Reed Elsevier, the Anglo-Dutch publishing giant, yesterday unexpectedly shelved plans to sell its consumer books division, in the face of "low- ball" bidding from interested purchasers.
The decision, which helped send Reed's share price lower, was nonetheless applauded by some analysts, who said it proved the company would not be bullied into accepting an inferior price for the collection of publishers, including Secker & Warburg and Methuen.
The shares dropped to 1035p, down 28p on the day.

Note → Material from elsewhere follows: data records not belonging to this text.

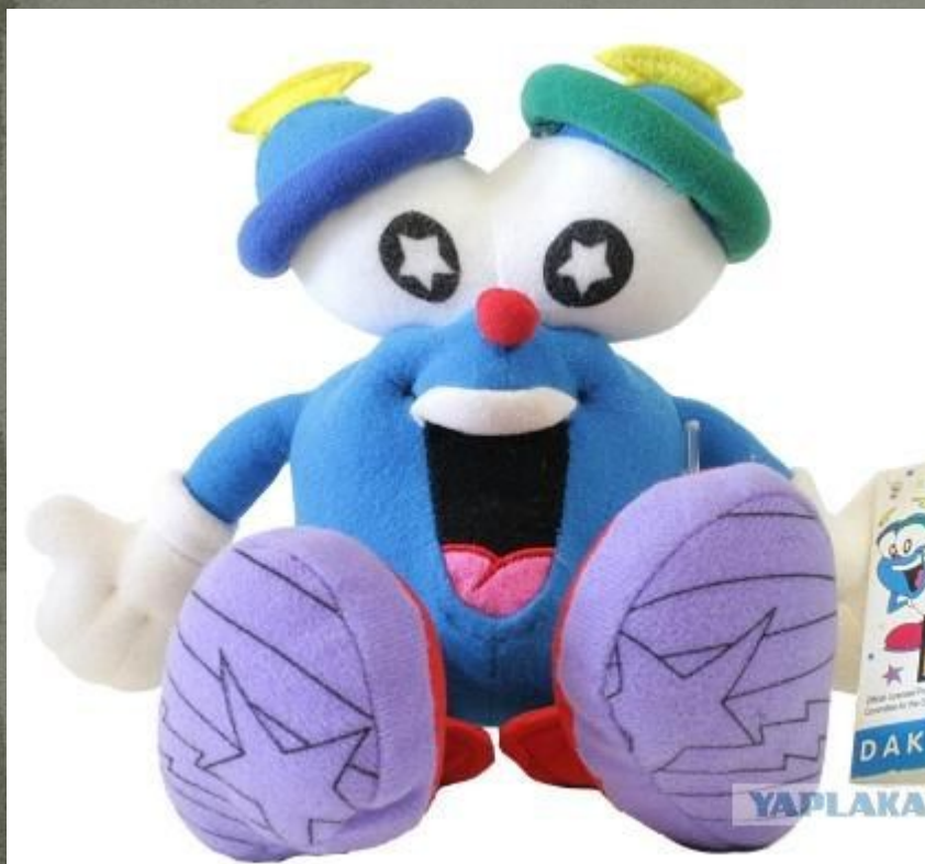
Иzzi: Олимпийские Летние игры, в 1996, в Атланте, США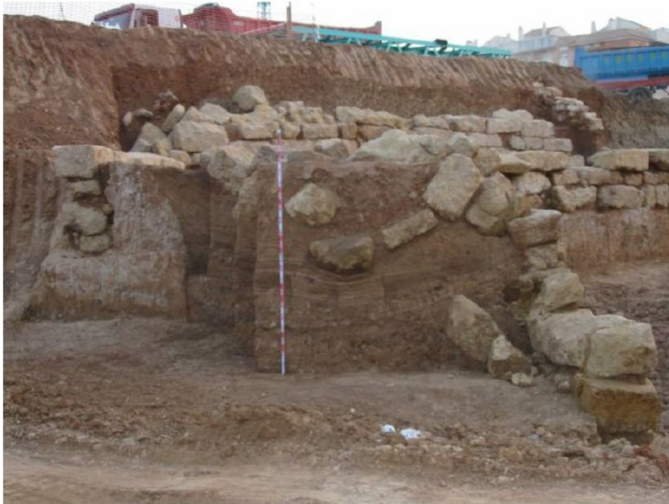
Lámina 09.- Sección estratigráfica del vado documentado en la intervención.

Se han trabajado un total de dos meses durante los cuales se ha puesto al descubierto estructuras negativas y positivas correspondientes, en todos los casos a época medieval islámica: desde finales del s. X a inicios del XI d. C. Los restos documentados apuntarían a un uso macroespacial del espacio de carácter industrial con la presencia de 6 hornos de cerámica y una urbanización espacial en torno a una calle que actúa como eje principal ue 170. Se documentaron una serie de espacios que actuarían como comercios con fachada a la calle, a la par que tendrían una función doméstica en época califal, y que estarían estrechamente coenctados con uno de los arrabales situados al noroeste (LÁM. 09) de la ciudad amurallada, que surgieron en Córdoba como consecuencia de la gran expansión califal.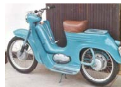
Jawa Pařez typ 555

Pionýr koncepčně a konstrukčně daleko předběhl konkurenci v této kategorii a zůstal díky svým dobrým vlastnostem po mnoha modernizacích ve výrobě až do počátku 80. let.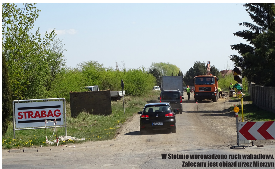
W Stobnie wprowadzono ruch wahadłowy. Zalecany jest objazd przez Mierzyn

- Tak, na odcinku od skrzyżowania na Rajkowo do Stobna na ukończeniu są prace związane z wykonaniem projektowanej kanalizacji sanitarnej oraz deszczowej. W około 70% przebudowane zostały kolidujące odcinki infrastruktury elektroenergetycznej – mówił Łukasz Mielnik. - Teraz prowadzone będą prace związane z rozbiórką istniejącej nawierzchni i wykonaniem nowych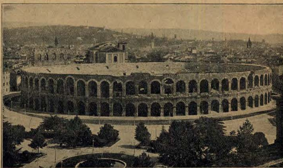
Starożytny amfiteatr w Veronie, gdzie odbyły się obecnie wspaniałe przedstawienia operowe „Verona” Boito i „Turandot” Pucciniego z udziałem kilkuset osób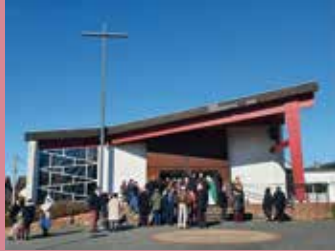
Saint Jean Bosco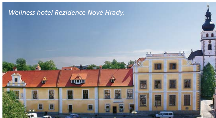
Wellness hotel Rezidence Nové Hradce.

Dalším využitým brownfielDEM je hotel U Pralesy v Černém Údolí v Novohradských horách. Jedná se o nově zrekonstruovanou pohraniční rotu o kapacitě 76 lůžek asi 8 km od Benešova nad Černou. Hotel se nachází přímo v srdci Novohradských Hor mezi Kraví horou, Vysokou horou a horou Království Divočiny. Najdete zde čisté ovzduší, nedočetnou přírodu a nejstarší evropský prales „Žofínský prales“, koupání v přírodní čisté vodě v rybníce Zlatá Ktiš, vzdáleném 2 km od ubytování. Dále se zde můžete sportovně vyžít nekonečnými projíždkami na kolech nebo na kolečkových bruslích, v zimě na běžkách. Na své si přijdou i milovníci pěší turistiky. Hotel se nezaměřuje jen na rekreanty, ale díky salonku o kapacitě 30 míst, je zde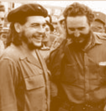
E. Guevara y F. Castro

Instaurada la Revolución de forma oficial el 1 de enero de 1959, el gobierno revolucionario inicia una política de nacionalización de empresas extranjeras y nacionales y se produce un primer acercamiento a la Unión Soviética y a los países del llamado campo socialista. Los Estados Unidos, por su parte, imponen en octubre de 1960 el embargo económico a la isla, un embargo que todavía hoy sigue vigente. En abril de 1961 exiliados cubanos, armados y entrenados por Estados Unidos, realizan un desembarco en Bahía de Cochinos (Playa Girón, Cuba) que es sofocado por el ejército cubano en pocos días. En abril de 1961 Fidel Castro declara el carácter socialista de la Revolución cubana y un año después, el 14 de octubre, se iniciará la llamada Crisis de los Misiles en Cuba cuando un avión de reconocimiento norteamericano descubre la construcción de emplazamientos para misiles nucleares en Pinar del Río. La crisis finalizará el 27 de octubre con el compromiso soviético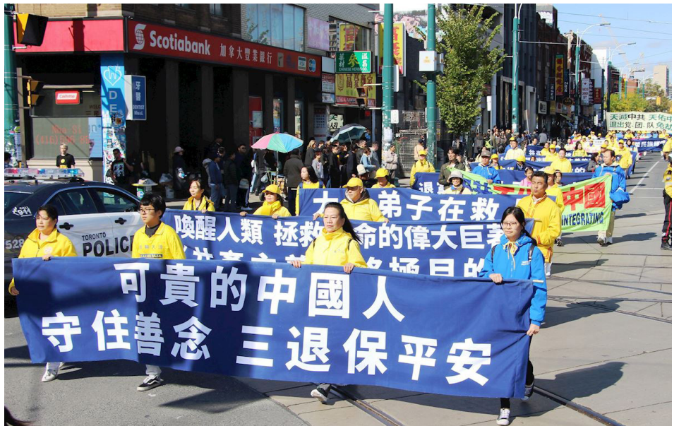
2019年10月12日，加拿大多倫多法輪功學員在市中心舉行了大遊行。

我來到海外後，雖然經常給父母打電話，但一般都是我媽媽接電話，爸爸很少接，接了也就是簡單寒暄幾句。我曾三次寫家書給爸爸，收到的回復基本都是，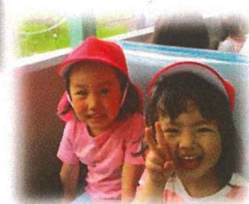
2才以上児親子遠足 IN やながわ希望の森公園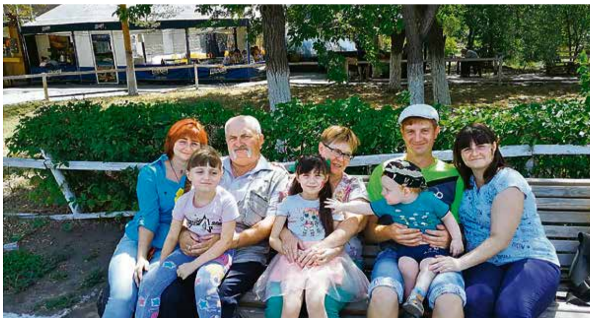
▲ Встречи в родительском доме в Новоорске — всегда праздник!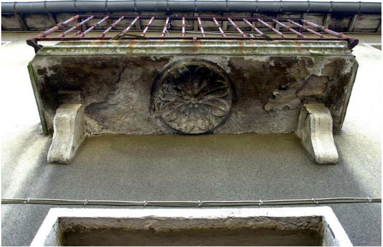
Maison alignée sur rue : rosace ornant la partie inférieure du balcon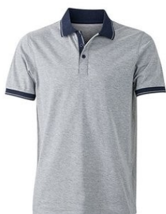
heathergrey melange/ navy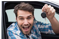
Por qué tus padres deberían comprarte un coche nuevo (Huffington Post para Polo)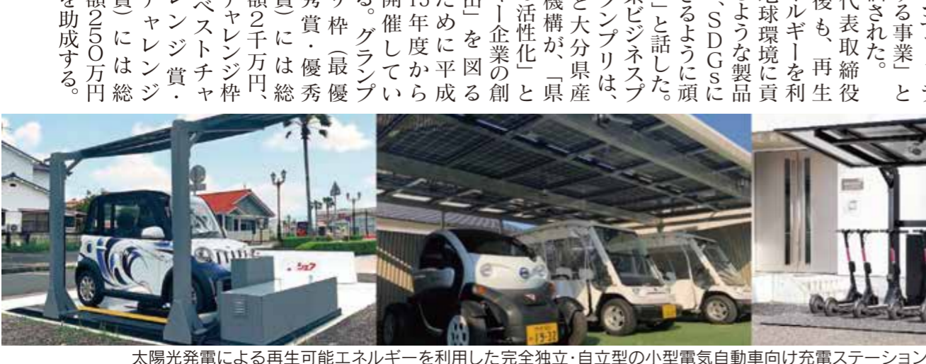
太陽光発電による再生可能エネルギーを利用した完全独立・自立型の小型電気自動車向け充電ステーションは日本初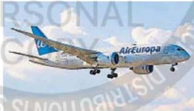
ALIADOS. Air Europa continúa consolidando su papel clave como compañía estratégica en la conectividad con Europa.

El aumento del número de vuelos semanales, que se llevarán a cabo saliendo desde Córdoba los lunes, miércoles, jueves y sábados, permitirá ampliar la oferta a cerca de 111.600 asientos a lo largo del año. Esto supone un 13% más que en el año precedente. Sólo en 2024, Air Europa transportó a través de esta ruta a más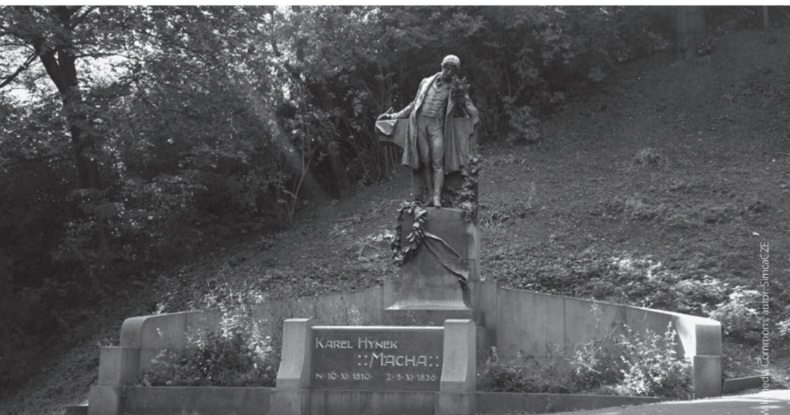
Socha Karla Hynka Máchy v Petřínském parku v Praze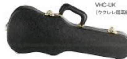
VHC-UK (ウクレレ用高級ハードケース)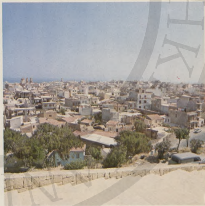
Τὸ Ἡράκλειο, ἀπὸ τὸν Προμαχώνα τοῦ Μαρτινέγκο, ὅπου βρίσκεται ὁ τάφος τοῦ Καζαντζάκη.

«Δὲν ἐλπίζω τίποτα. Δὲ φοβοῦμαι τίποτα. Εἶμαι λεύτερος.»

There were fears that the decision could delay the company's push into higher margin publishing businesses, which is to be financed through disposals.
In a statement, the company said it expected "a significant improvement in trading performance," and that it remained the intention to sell the business in due course.
Poor trading conditions in book publishing generally, particularly following the collapse of the Net Book Agreement last year, had encouraged at least two serious bidders to offer far less than the pounds 200m Reed had been hoping to raise. Richard Branson's Virgin Group was believed to be willing to spend just pounds 80m. Among the other potential buyers was Electra, the venture capital company.
The deferral has dealt a blow to Reed's plans to divest of nearly all its consumer businesses, to focus on professional and electronic publishing. It has raised pounds 750m so far through the programme, which included the sale of its Dutch and UK newspaper businesses.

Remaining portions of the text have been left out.